I have another question in this regard, though – does every spermatozoon in men’s semen carry a soul within it? Or is it one soul taking shelter in the impregnated ovum regardless of which spermatozoon did the job? I think the former makes more sense – every spermatozoon appears to have a life of its own, each has got it’s own flagellating tail that propels it forward. If that is true, then one discharge carries some fifty million spermatozoa, give or take ten-twenty million. Only one of them gets to be born. What are the chances?
Otoh, it might be that all these millions of souls are destined to live only a short life and die, again and again, while those destined to become human get their bodies on the first try.
Anyway, my point was that getting this human form of life is very very rare and should be considered as great mercy even before we talk about spiritual potential. We can also consider the amount of patience needed to attain a human body and get an idea how long we might have to wait to see results of our chanting. We probably need incomparably more patience than we have now.

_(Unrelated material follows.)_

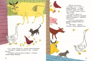 «Сокровище Петунии». Петуния любила купаться в реке под высоким утесом. Однажды, нырнув поглубже, она оказалась в подводной пещере. И там увидела огромный сундук с блестящими петлями. «Пиратские сокровища!» — решила она и тут же растрезвонила о своей находке по всей ферме. Неожиданно свалившееся на Петунию богатство изменило жизнь скотного двора. Петуния возомнила себя важной персоной, а обитатели фермы тоже захотели получить кусочек от ее богатства. Петуния потеряла покой: в ночных кошмарах ей снилось, что зловредные лягушки растаскивают ее сокровища. А днем ее осаждали бывшие друзья, которые теперь превратились в подхалимов и попрошаек. Сокровище Петунии стало яблоком раздора и привело к настоящей битве на скотном дворе. Неизвестно, чем бы все это закончилось, если бы лягушка не открыла Петунии глаза на происхождение сундука.

The purport continues: “..but the Lord does not give self-realization to such a misguided person.” If we just follow our mind and engage our senses we won’t get self-realization from the Lord, therefore we need strong intelligence to keep our mind under control. We need to know how this world works, how illusion works, how modes of nature compel us to act and so on. Armed with such knowledge we will consider urges of the mind as insignificant when compared to our real benefits. As I said, this part is more or less the same for us, impersonalists, or Buddhists, but the purport then takes it further and discusses the situation of a devotee, which is indeed unique.
Devotees do not rely so much on their intelligence but on being engaged and protected by the Lord. Impersonalists learn to tolerate their minds through austerities but devotees control them not because they “know better” but because the Lord gives them a higher taste. Their senses are sharp and active but they are not engaged in personal enjoyment, only in service to the Lord.

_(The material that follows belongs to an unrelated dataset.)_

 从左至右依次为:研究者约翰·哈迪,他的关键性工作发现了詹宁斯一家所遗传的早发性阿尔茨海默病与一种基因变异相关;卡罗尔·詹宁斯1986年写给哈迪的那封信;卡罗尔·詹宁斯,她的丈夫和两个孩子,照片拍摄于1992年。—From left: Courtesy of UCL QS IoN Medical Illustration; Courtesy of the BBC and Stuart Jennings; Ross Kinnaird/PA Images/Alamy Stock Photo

It’s ABC for us but we shouldn’t take the opportunity to serve for granted either. It can happen only by Kṛṣṇa’s arrangement, we can’t do it on our own. Consider how many variables need to come together for us to perform a simple arāti, for example. There need to be Deities first. There need to be a temple. There need to be a program of temple worship, the schedule, the funds, the paraphernalia etc. Then we need to have a second initiation and proper training. We also need permission from our authorities, we can’t just get up on the altar and conduct an arāti. We also need to take turns with other devotees because on person can’t physically carry all the ISKCON deity service by himself.
For many of us, actual, authorized service to the Lord takes only a small part of our day while we are forced to spend the rest of our time chasing our minds. Perhaps this is when having strong and clear intelligence is helpful.
Speaking of duplicity – it mostly manifests in our intelligence. Our minds are too simple to scheme, our hearts are mostly in the right place, but it’s our intelligence that works very hard to find ways to justify our sense indulgence and not feel guilty about it. It’s our intelligence that scans our memory for quotes and examples where enjoying matter looks innocent and even welcome. We never forget those, I know I don’t.
Devotee’s intelligence is strong and independent of the modes of nature. It’s impossible to sway, it doesn’t give in to passion and it doesn’t devise elaborate plans to enjoy in the future, nor does it give in to the mode of ignorance which leads one to self-destructive activities.
Well, it’s time to wind up this post and I covered only one word. At least the next one is very close – dāntaḥ, controlling one’s senses, which is a natural next step, that’s what intelligence undisturbed by material desires is for. A devotee achieves this by engaging sense in Lord’s service, as I already said, but, perhaps, we should give the credit to the Lord for engaging His devotees’ senses. On our own we can’t do anything, we are totally dependent on the Lord to provide the opportunities for us to serve.
I’ll end this up by saying that this dāntaḥ shouldn’t be confused with dantaḥ, a word that relates to guess what? Dentistry. Dantaḥ with short “a” means teeth.